• Michelle Mason, Ph.D.

Tactical Tutoring


Tactical Tutoring

I thought I would have my first blog describing how I developed Tactical Tutoring. I have had years of experience both working in schools and as a tutor. Through this work, I have found that one-on-one tutoring is the most effective way to help students improve in reading, writing, and math. I have always said that one hour of individualized tutoring is the equivalent of six or more classroom hours. I never had any data (except my own anecdotal data) to back this up until I read the article Alternative Service Delivery Models for Students with Learning Disabilities by Evelyn S. Johnson and Carrie Semmelroth from Boise State University.

Johnson and Semmelroth investigated how a targeted, individualized intervention improved the reading, writing, and math achievement of students with learning disabilities. In their study, they included students from ages 6 to 17 who received academic services at a center. According to the authors, the students received “direct, systematic, multi-sensory, instructional techniques to meet each student’s individual learning needs.”

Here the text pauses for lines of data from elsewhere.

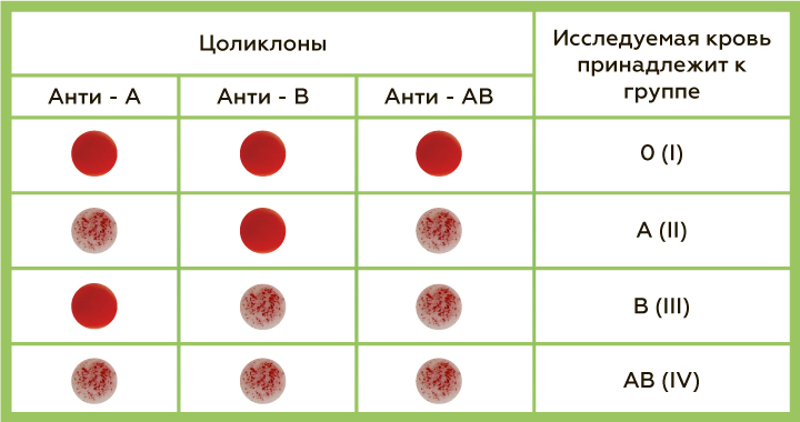 Для определения группы крови ее смешивают с реагентом, содержащим известные антитела. На основу наносят три капли крови человека: к первой капле добавляют реагент анти-А, к другой капле — реагент анти-В, к третьей – реагент анти-D. Первые две капли используются, чтобы определить группу крови, а третья — для выявления резус-фактора. Если эритроциты не склеились в ходе опыта, значит, группа крови человека совпадает с типом анти-реагента, который в нее добавили. Например, если в капле, куда добавили реагент анти-А, частички крови не слиплись, значит у человека группа крови А (II).
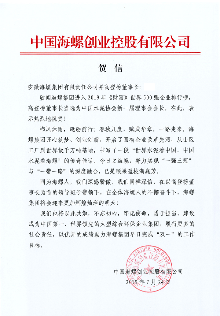 海螺創(chuàng)業(yè)致海螺集團并高登榜董事長賀信
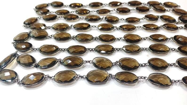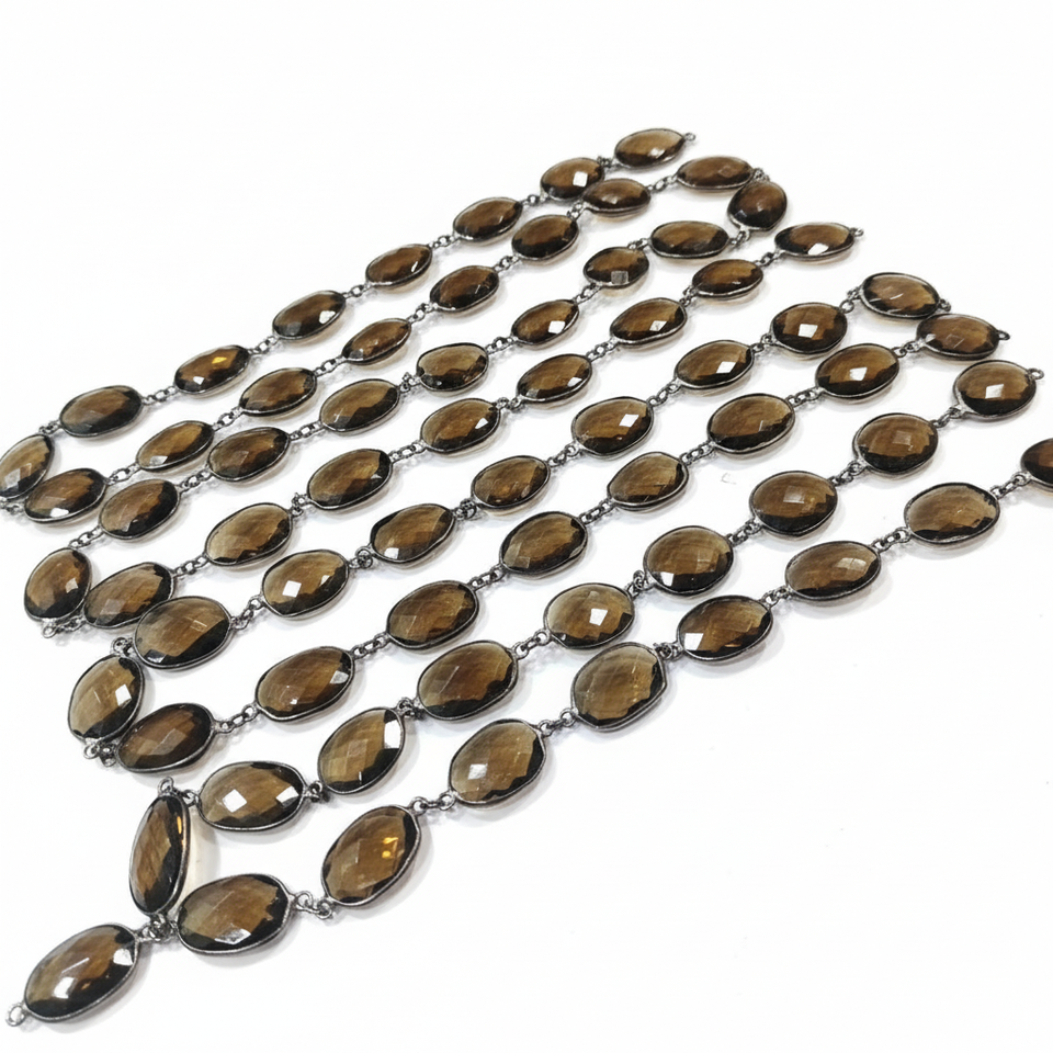โซ่เชื่อมต่อแบบเบซัลทรงบริโอเล็ต ทำจากทองเหลืองประดับควอตซ์สโมคกี้ธรรมชาติ รูปทรงอิสระ ขนาด 12-15 มม. คุณภาพสูง ขายเป็นเมตร สำหรับทำเครื่องประดับ

How did they develop the individualized program for each student? They started with having a psychologist assess the student’s academic performance and cognitive profile. The results of the assessment allowed them to develop the targeted, individualized intervention. Once the intervention plan was developed, the students received one-hour one-to-one intervention services twice a week from learning specialist for 50 hours total.

What they found was that these interventions allowed 50-55% of the students to exit intervention services after 50 hours of intervention. Another 40% of the students exited the intervention services in 100 hours or less. Which means that many students were doing well after 6 months, and most were doing fine after a year.

I think that we can all agree that the sooner a child catches up with peers the better. Students who are succeeding in school can leave special education programs and be in the regular curriculum (remember, students are usually pulled out of their regular classes to receive interventions). Moreover, being successful in school makes it less likely that a student would drop out of school.

Beyond academic improvement, children and adolescents will have other gains. Many students would never have to feel like they were unsuccessful and stigmatized. Their self-confidence and self-esteem would increase. Students would enjoy school more. They would be more motivated to work at their school work. They would feel more optimistic about their futures.

While the focus of Johnson’s and Semmelroth’s paper was on students with learning disabilities, I believe that all students benefit from individualized instruction. I have found that students who do not have disabilities actually reach grade level in academics faster than students with disabilities when receiving one-on-one instruction.

All people have preferences in learning. Do you prefer to learn by reading or by listening? By knowing (through assessments) a person’s strengths and weaknesses in learning, an instructional plan can be tailored to the students learning style, which results in academic improvement. That is why, before starting tutoring with Mason Educational Mentoring, we give a free assessment. We need to have all of the data from the assessments before we can develop an individualized program for your child.